Not every parameter is clear
A parameter can play a different role depending on the website. That is why SafeShare Audit acts cautiously and explains edge cases instead of promising artificial certainty.
- not every unknown parameter is tracking
- not every short link is better
- not every redirect can be unpacked locally
- not every platform structure is fully readable from the outside
Shortlinks and invisible targets
If a shortlink does not contain the target visibly inside the link, SafeShare Audit cannot safely recognize the target locally without opening the link online.
Removing more can cost function
If you remove too aggressively, the link may look cleaner, but lose a wanted function.
- start time or playlist in videos
- product variant in shops
- coupon or discount code
- deliberate partner attribution
- image format, size, or quality
- anchor to a page section
SafeShare Audit improves step by step
Link structures change constantly. Platforms, shops, newsletter systems, social apps, and ad systems use their own patterns. That is why a clear, extensible category logic matters more than a supposedly perfect endless list.
- more link types and platform patterns
- better detection of unusual redirects
- finer partner, coupon, and function logic
- more explanation texts for special cases
- more structured audit reports
- later team and review workflows
12) Troubleshooting
If a result looks different from what you expected, it is usually because of one specific point: link type, category, decision, or browser environment.
A link was cleaned differently than expected
First check the result card:
- which link type was recognized
- which parts were found
- which category they were assigned to
- what was removed or kept
- whether a part was treated as an unclear parameter
Partner markers are missing or remain
Partner or affiliate additions are meant to be decided consciously.
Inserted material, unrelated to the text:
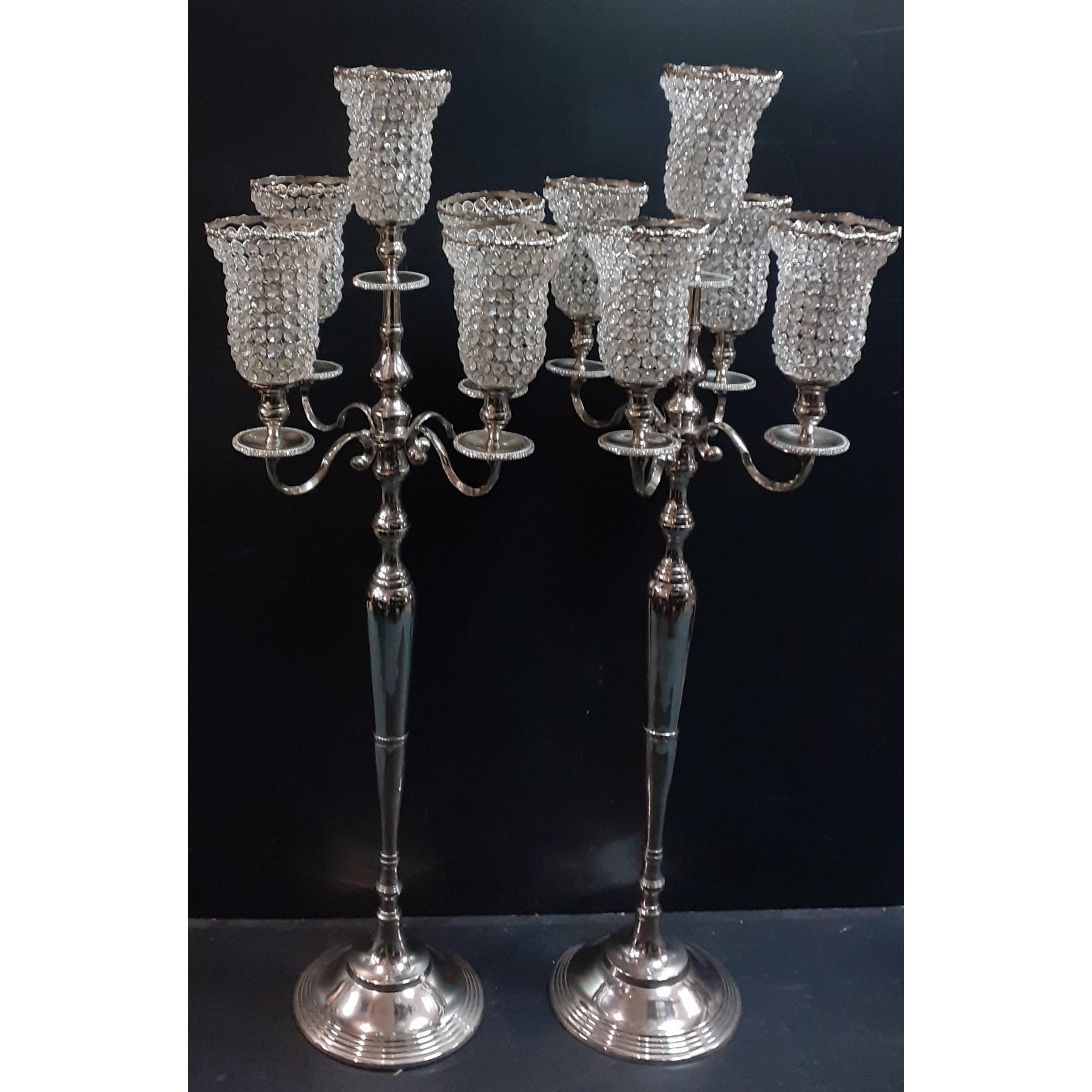 Two stunning chrome 4 branch candle holders each standing 120cm high approxApprox 2 pieces
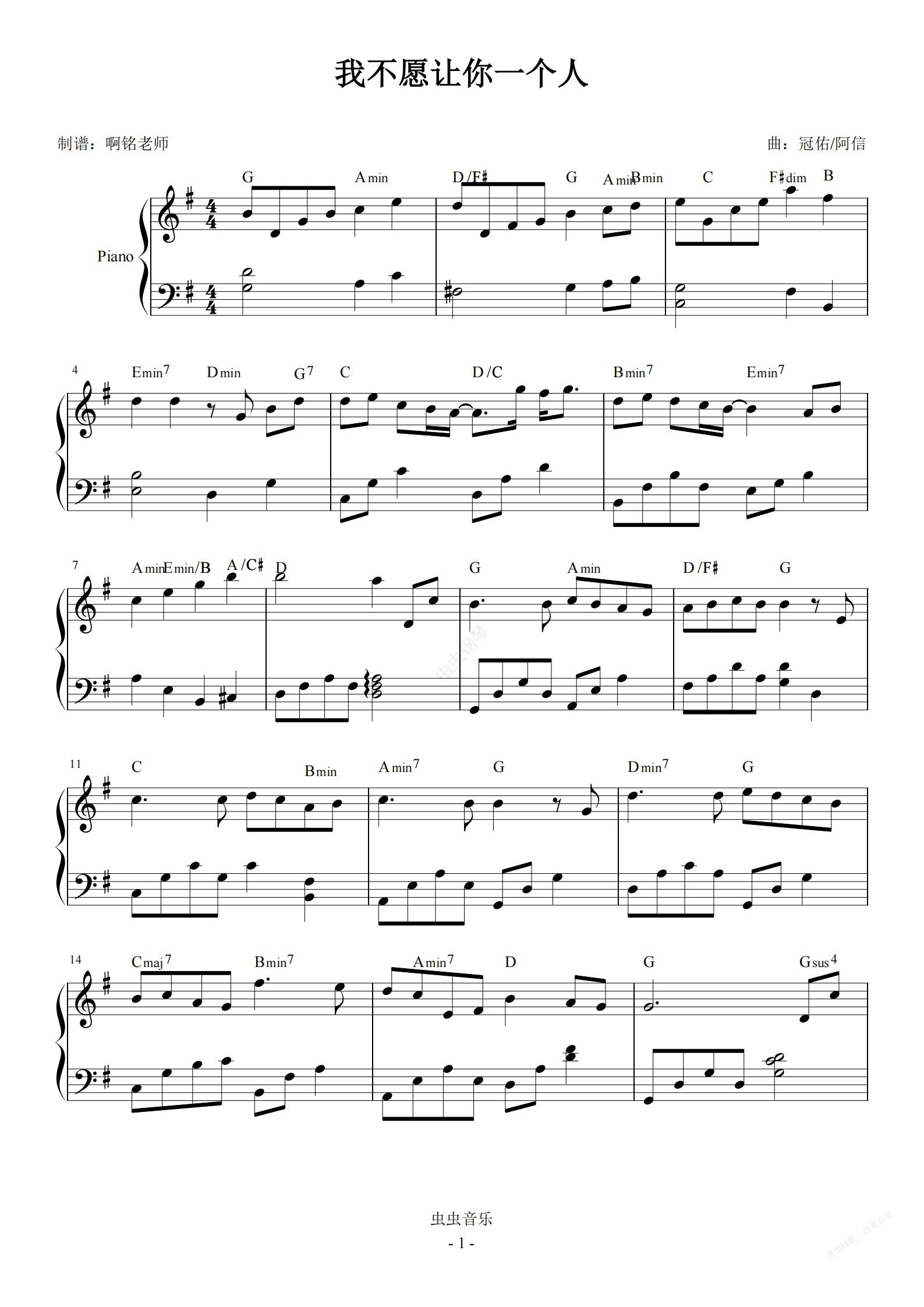 钢琴谱:我不愿让你一个人 G调简易版

Check whether you wanted to remove or keep that category.
tag, ref, referral, affiliate
Coupon is gone or remains
Coupon is its own decision. Check whether you wanted to deliberately keep discount or offer context.
coupon, coupon_code, promo, discount
An unclear parameter was removed or kept
It was probably treated as an edge case. That is not a bug, but exactly the kind of case where a conscious decision is useful.
ref_code was handled differently than expected,
check whether it was classified as an unclear parameter.
A redirect was not unpacked
SafeShare Audit can only unpack what is locally visible inside the link. If the target link is not clearly contained in a parameter, Audit cannot reliably extract it.
Copying does not work
Some browsers or embedded views block direct access to the clipboard. Then the link logic is not broken; the environment simply does not allow copying.
- first try the copy button
- if that does not work: select the result and copy it manually
- on iPhone/iPad, open directly in Safari whenever possible
- run the selftest and include the support report in your support request
The page shows old states
If old terms, old texts, or old behavior are visible, the reason may be browser cache or an old file inside the ZIP.
- reload the page
- open a new tab
- use the fresh ZIP version
- when using locally, make sure the correct file was opened
When the audit report helps
If a case remains unclear, open the audit report. It summarizes the analysis in a copyable form.